| .. |
| SPDX-FileCopyrightText: © 2021 Open Networking Foundation <support@opennetworking.org> |
| SPDX-License-Identifier: Apache-2.0 |
| |
| Monitoring and Alert Infrastructure |
| =================================== |
| |
| Aether leverages `Prometheus <https://prometheus.io/docs/introduction/overview/>`_ to collect |
| and store platform and service metrics, `Grafana <https://grafana.com/docs/grafana/latest/getting-started/>`_ |
| to visualize metrics over time, and `Alertmanager <https://prometheus.io/docs/alerting/latest/alertmanager/>`_ to |
| notify Aether OPs staff of events requiring attention. This monitoring stack is running on each Aether cluster. |
| This section describes how an Aether component can "opt in" to the Aether monitoring stack so that its metrics can be |
| collected and graphed, and can trigger alerts. |
| |
| |
| Exporting Service Metrics to Prometheus |
| --------------------------------------- |
| An Aether component implements a `Prometheus exporter <https://prometheus.io/docs/instrumenting/writing_exporters/>`_ |
| to expose its metrics to Prometheus. An exporter provides the current values of a components's |
| metrics via HTTP using a simple text format. Prometheus scrapes the exporter's HTTP endpoint and stores the metrics |
| in its Time Series Database (TSDB) for querying and analysis. Many `client libraries <https://prometheus.io/docs/instrumenting/clientlibs/>`_ |
| are available for instrumenting code to export metrics in Prometheus format. If a component's metrics are available |
| in some other format, tools like `Telegraf <https://docs.influxdata.com/telegraf>`_ can be used to convert the metrics |
| into Prometheus format and export them. |
| |
| A component that exposes a Prometheus exporter HTTP endpoint via a Service can tell Prometheus to scrape |
| this endpoint by defining a |
| `ServiceMonitor <https://github.com/prometheus-operator/prometheus-operator/blob/master/Documentation/user-guides/running-exporters.md>`_ |
| custom resource. The ServiceMonitor is typically created by the Helm chart that installs the component. |
| |
| |
| Working with Grafana Dashboards |
| -------------------------------- |
| Once the local cluster's Prometheus is collecting a component's metrics, they can be visualized using Grafana |
| dashboards. The Grafana instance running on the AMP cluster is able to send queries to the Prometheus |
| servers running on all Aether clusters. This means that component metrics can be visualized on the AMP Grafana |
| regardless of where the component is actually running. |
| |
| In order to create a new Grafana dashboard or modify an existing one, first login to the AMP Grafana using an account |
| with admin privileges. To add a new dashboard, click the **+** at left.

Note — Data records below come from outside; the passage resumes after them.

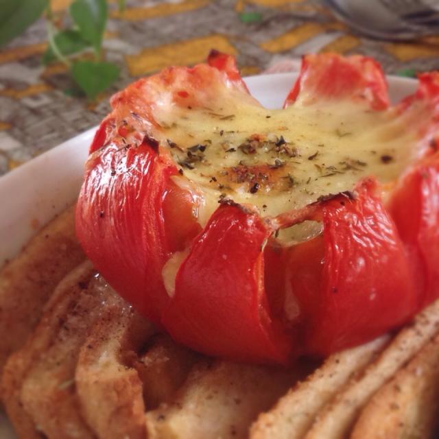 SnapDishに投稿されたまちまちこさんの料理「ゆみちゃんが14日まえに作ってたやつ (ID:mWy4fa)」です。「番茄起司焗烤 ゆみちゃん これ美味しい オリーブオイルかけるの忘れてたけど十分美味しかった おっきなトマト一人でペロッといけるね トマトの下は安定させるためにパン耳のフレンチトーストを敷きました これがまたトマトとチーズにからまって うまうまでした ゆみちゃん レシピ載せてないから食べ友でお願いします」14日 ちゃん 日
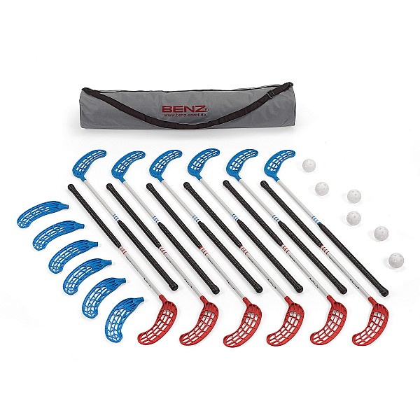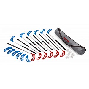 Unihockey stick set "Attack" consisting of: 6 black/white/blue and 6 black/white/red sticks for right-handers , as well as 6 additional quick-change trowels left-handers 6 balls and stick bag, shaft length 90 cm, Ø 2.3 cm, for heights of 161 - 175 cm
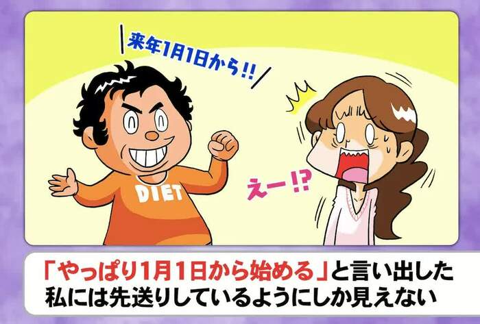 「太ったからジョギングをするという夫が、中途半端になりたくないから1月1日から始めると言っている。先送りにしているようにしか見えない」という妻の不満も登場しました。
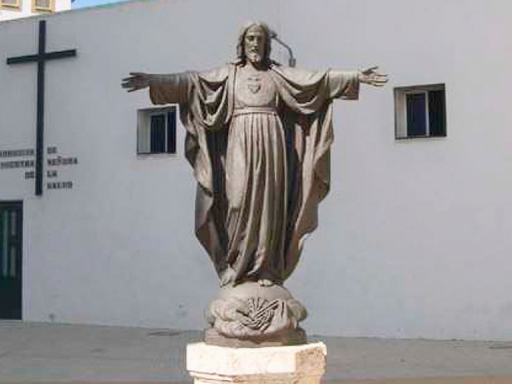 Es una imagen del Sagrado Corazón de Jesús está realizada en bronce. La escultura se alza sobre un alto pedestal de mármol Fundida en los talleres "Le Statue Religiose" de París, siendo colocada en la segunda mitad del pasado siglo XX .-
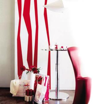 壁紙以一種特殊的紋路、花色及肌理變化,使墻面獲得良好的裝飾效果。除了常規(guī)的鋪貼方法,我們還可以用壁紙做局部裝飾。你可以選擇一些圖案或色彩強(qiáng)烈、肌理效果突出的壁紙來做一下嘗試,比如將壁紙與涂料交叉運用,或?qū)l紋壁紙斜鋪,或選取花卉壁紙中的圖案作為掛畫處理來裝飾墻面,都會取得意想不到的效果。這些手法會使空間更加活躍,俏皮可愛,也充分展現(xiàn)了壁紙的另類風(fēng)情。

To make a copy of an existing dashboard for |
| editing, click the **Dashboard Settings** icon (gear icon) at upper right of the existing dashboard, and then |
| click the **Save as…** button at left. |
| |
| Next, add panels to the dashboard. Since Grafana can access Prometheus on all the clusters in the environment, |
| each cluster is available as a data source. For example, when adding a panel showing metrics collected on the |
| ace-menlo cluster, choose ace-menlo as the data source. |
| |
| Clicking on the floppy disk icon at top will save the dashboard *temporarily* (the dashboard is not |
| saved to persistent storage and is deleted as soon as Grafana is restarted). To save the dashboard *permanently*, |
| click the **Share Dashboard** icon next to the title and save its JSON to a file. Then add the file to the |
| aether-app-configs repository so that it will be deployed by Fleet: |
| |
| * Change to directory ``aether-app-configs/infrastructure/rancher-monitoring/overlays/<amp-cluster>/`` |
| * Copy the dashboard JSON file to the ``dashboards/`` sub-directory |
| * Edit ``kustomization.yaml`` and add the new dashboard JSON under ``configmapGenerator`` |
| * Commit the changes and submit patchset to gerrit |
| |
| Once the patchset is merged, the AMP Grafana will automatically detect and deploy the new dashboard. |
| |
| Adding Service-specific Alerts |
| ------------------------------ |
| An alert can be triggered in Prometheus when a component metric crosses a threshold. The Alertmanager |
| then routes the alert to one or more receivers (e.g., an email address or Slack channel). |
| |
| To add an alert for a component, create a |
| `PrometheusRule <https://github.com/prometheus-operator/prometheus-operator/blob/master/Documentation/user-guides/alerting.md>`_ |
| custom resource, for example in the Helm chart that deploys the component. This resource describes one or |
| more `rules <https://prometheus.io/docs/prometheus/latest/configuration/alerting_rules/>`_ using Prometheus expressions; |
| if the expression is true for the time indicated, then the alert is raised. Once the PrometheusRule |
| resource is instantiated, the cluster's Prometheus will pick up the rule and start evaluating it. |
| |
| The Alertmanager is configured to send alerts with *critical* or *warning* severity to e-mail and Slack channels |
| monitored by Aether OPs staff. If it is desirable to route a specific alert to a different receiver |
| (e.g., a component-specific Slack channel), it is necessary to change the Alertmanager configuration. This is stored in |
| a `SealedSecret <https://github.com/bitnami-labs/sealed-secrets>`_ custom resource in the aether-app-configs repository. |
| To update the configuration: |
| |
| * Change to directory ``aether-app-configs/infrastructure/rancher-monitoring/overlays/<cluster>/`` |
| * Update the ``receivers`` and ``route`` sections of the ``alertmanager-config.yaml`` file |
| * Encode the ``alertmanager-config.yaml`` file as a Base64 string |
| * Create a file ``alertmanager-config-secret.yaml`` to define the Secret resource using the Base64-encoded string |
| * Run the following command using a valid ``PUBLICKEY``: |
| |
| .. code-block:: shell |
| |
| $ kubeseal --cert "${PUBLICKEY}" --scope cluster-wide --format yaml < alertmanager-config-secret.yaml > alertmanager-config-sealed-secret.yaml |
| |
| * Commit the changes and submit patchset to gerrit |
| |
| Once the patchset is merged, verify that the SealedSecret was successfully unsealed and converted to a Secret |
| by looking at the logs of the *sealed-secrets-controller* pod running on the cluster in the *kube-system* namespace. |